Exercise |
Go through the records below line by line and report how many lines include "Straße", giving the number only.

[Recorded data]
== Segment start ==

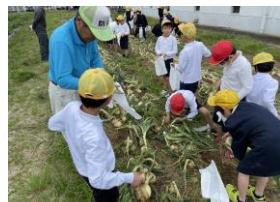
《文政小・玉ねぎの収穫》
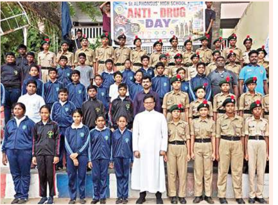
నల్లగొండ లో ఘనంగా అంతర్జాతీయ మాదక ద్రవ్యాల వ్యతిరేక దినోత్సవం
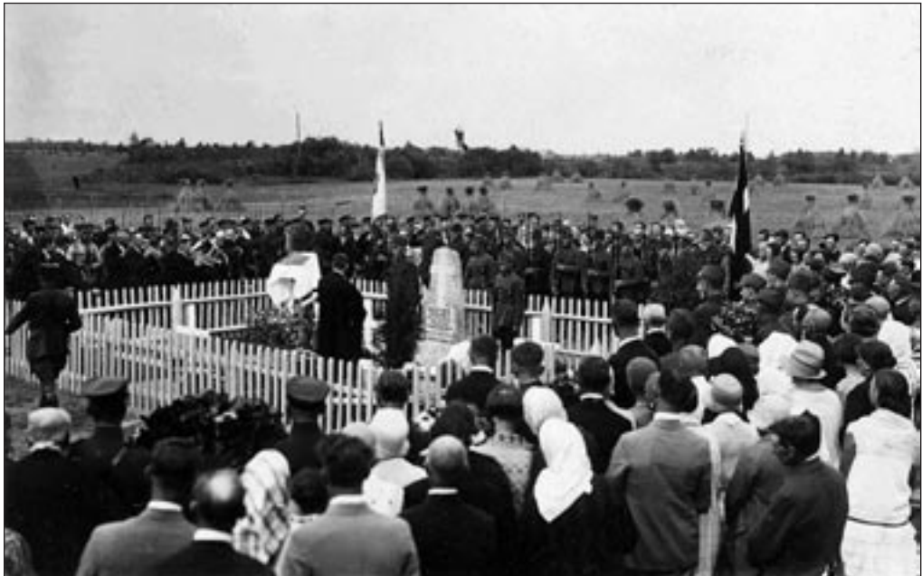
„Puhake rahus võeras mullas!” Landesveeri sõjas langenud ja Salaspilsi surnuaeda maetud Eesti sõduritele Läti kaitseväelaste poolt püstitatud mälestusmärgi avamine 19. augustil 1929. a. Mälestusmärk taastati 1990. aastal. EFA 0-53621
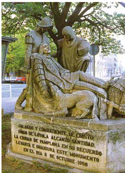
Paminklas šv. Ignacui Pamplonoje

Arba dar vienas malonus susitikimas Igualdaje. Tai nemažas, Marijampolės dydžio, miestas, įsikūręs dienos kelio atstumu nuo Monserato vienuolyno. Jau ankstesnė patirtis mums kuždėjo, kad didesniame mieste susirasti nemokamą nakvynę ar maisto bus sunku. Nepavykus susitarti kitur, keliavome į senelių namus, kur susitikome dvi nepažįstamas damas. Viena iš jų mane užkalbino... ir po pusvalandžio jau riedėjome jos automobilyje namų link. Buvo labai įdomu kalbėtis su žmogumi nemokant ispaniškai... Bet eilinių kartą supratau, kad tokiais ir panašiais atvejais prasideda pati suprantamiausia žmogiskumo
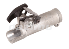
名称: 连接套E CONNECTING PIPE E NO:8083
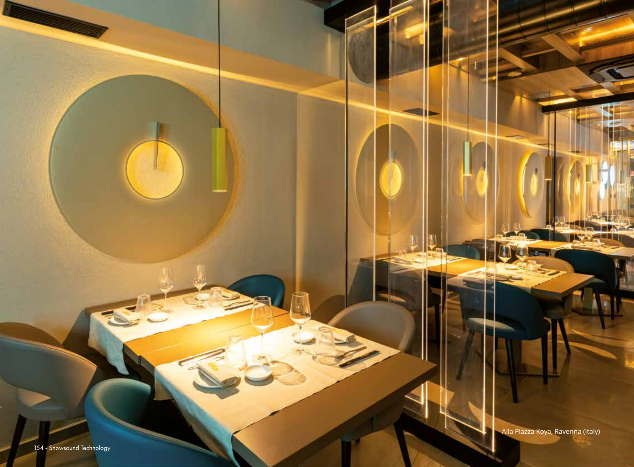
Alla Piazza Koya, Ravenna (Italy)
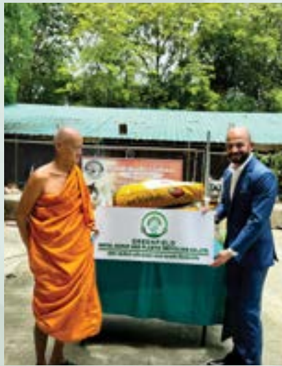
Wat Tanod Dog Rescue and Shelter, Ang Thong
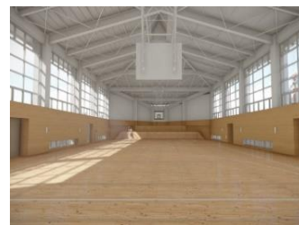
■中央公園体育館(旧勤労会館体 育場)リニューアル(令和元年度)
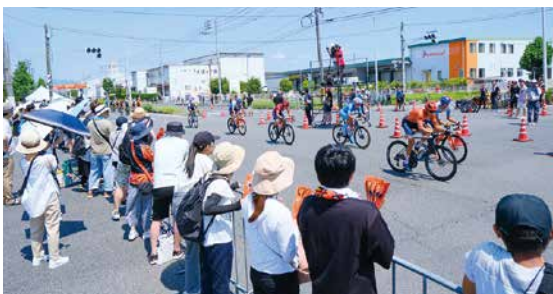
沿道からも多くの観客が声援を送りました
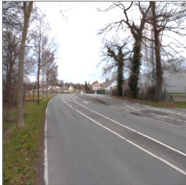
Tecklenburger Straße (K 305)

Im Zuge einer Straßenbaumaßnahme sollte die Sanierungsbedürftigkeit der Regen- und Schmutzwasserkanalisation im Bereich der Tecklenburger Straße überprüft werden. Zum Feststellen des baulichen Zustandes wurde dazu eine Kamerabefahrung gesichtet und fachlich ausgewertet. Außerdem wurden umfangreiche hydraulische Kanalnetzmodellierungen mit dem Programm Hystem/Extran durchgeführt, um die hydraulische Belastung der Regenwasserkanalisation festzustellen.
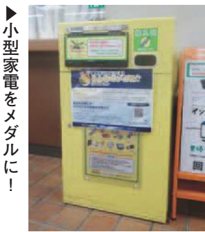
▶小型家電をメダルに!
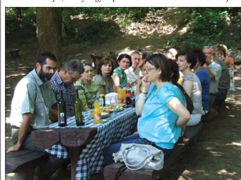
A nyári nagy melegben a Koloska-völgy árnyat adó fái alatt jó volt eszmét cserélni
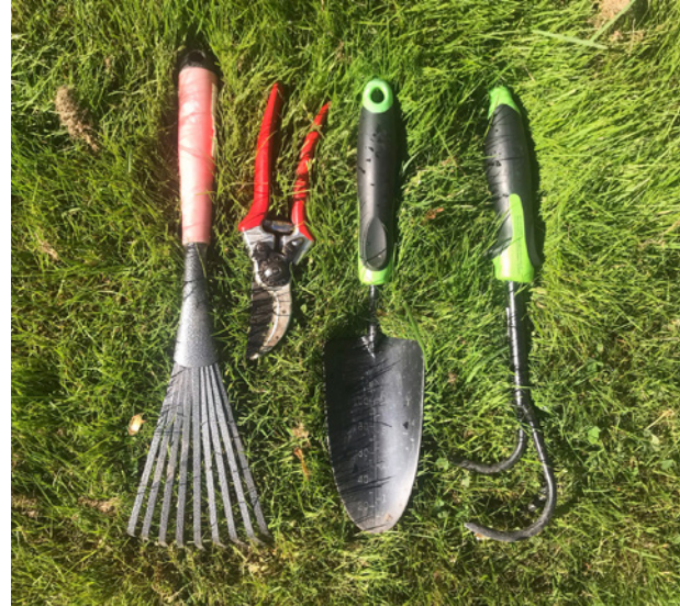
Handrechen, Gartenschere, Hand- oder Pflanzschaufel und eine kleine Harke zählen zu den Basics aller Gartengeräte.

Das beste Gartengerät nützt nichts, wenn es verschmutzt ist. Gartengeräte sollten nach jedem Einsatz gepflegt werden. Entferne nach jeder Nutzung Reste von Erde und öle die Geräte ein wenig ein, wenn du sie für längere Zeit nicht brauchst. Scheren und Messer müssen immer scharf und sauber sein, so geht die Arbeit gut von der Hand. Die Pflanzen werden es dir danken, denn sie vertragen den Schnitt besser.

== Segment end ==
== Segment start ==

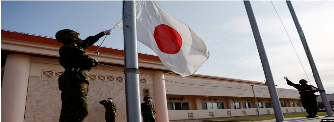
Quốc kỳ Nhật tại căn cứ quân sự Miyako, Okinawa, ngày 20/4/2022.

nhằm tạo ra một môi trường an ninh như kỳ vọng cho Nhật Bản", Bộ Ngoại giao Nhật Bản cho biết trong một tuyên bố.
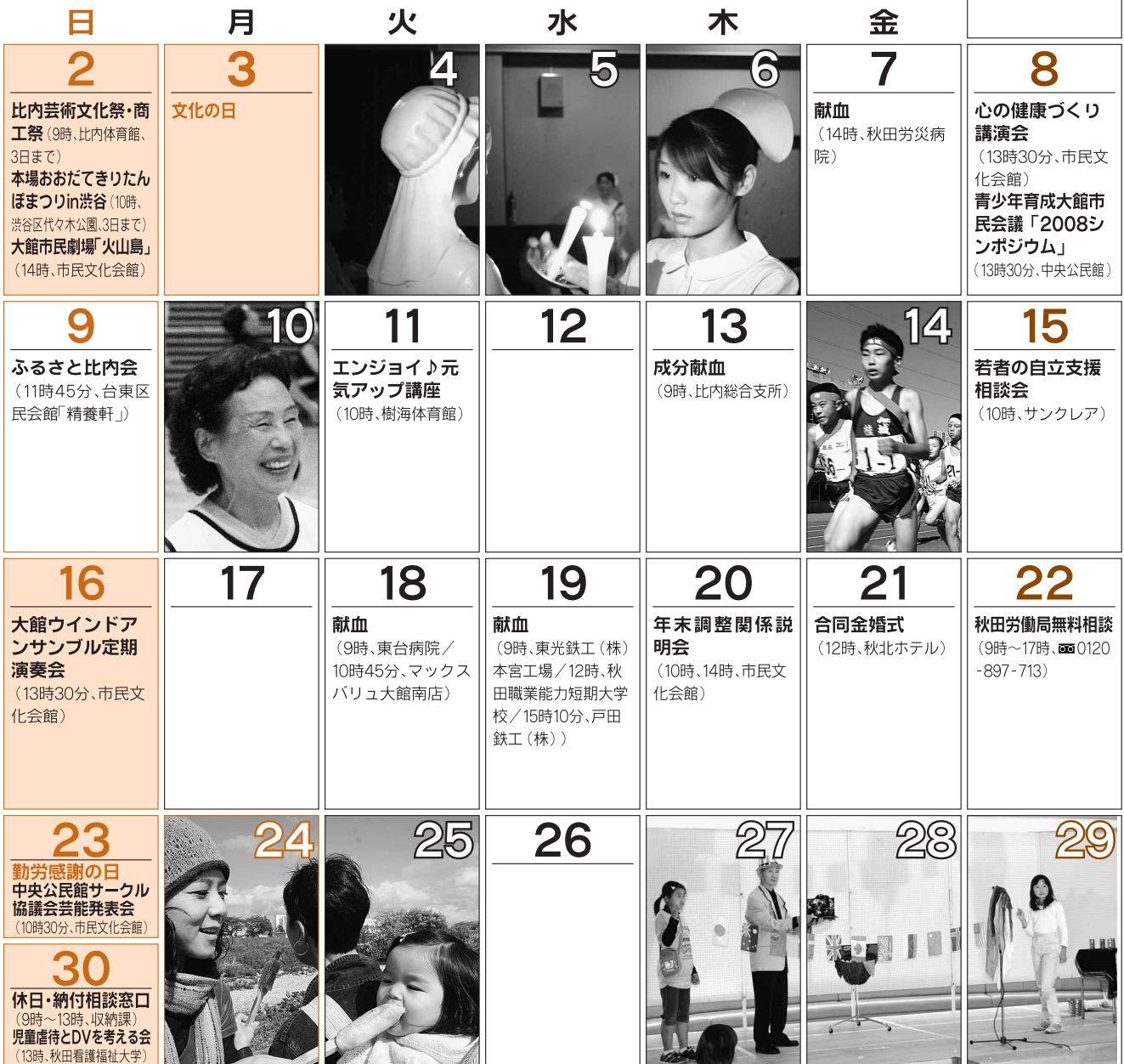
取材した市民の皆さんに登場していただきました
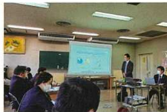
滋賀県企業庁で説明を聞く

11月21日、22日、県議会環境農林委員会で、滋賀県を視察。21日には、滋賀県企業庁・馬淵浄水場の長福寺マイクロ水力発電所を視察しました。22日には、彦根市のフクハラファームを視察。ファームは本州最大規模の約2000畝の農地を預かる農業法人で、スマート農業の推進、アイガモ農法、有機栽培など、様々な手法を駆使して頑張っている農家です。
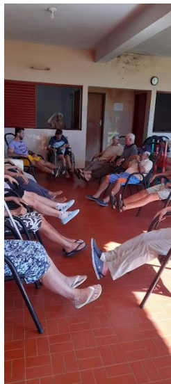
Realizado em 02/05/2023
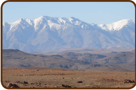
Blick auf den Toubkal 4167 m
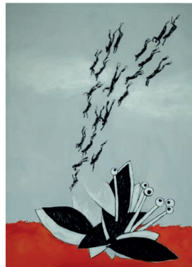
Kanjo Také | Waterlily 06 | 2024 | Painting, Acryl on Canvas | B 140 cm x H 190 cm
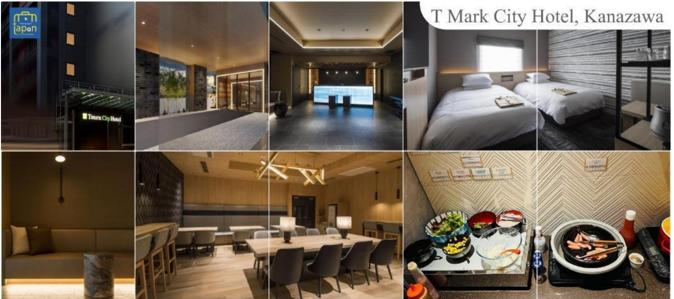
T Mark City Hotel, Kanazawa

== Segment end ==

Result of this exercise |
2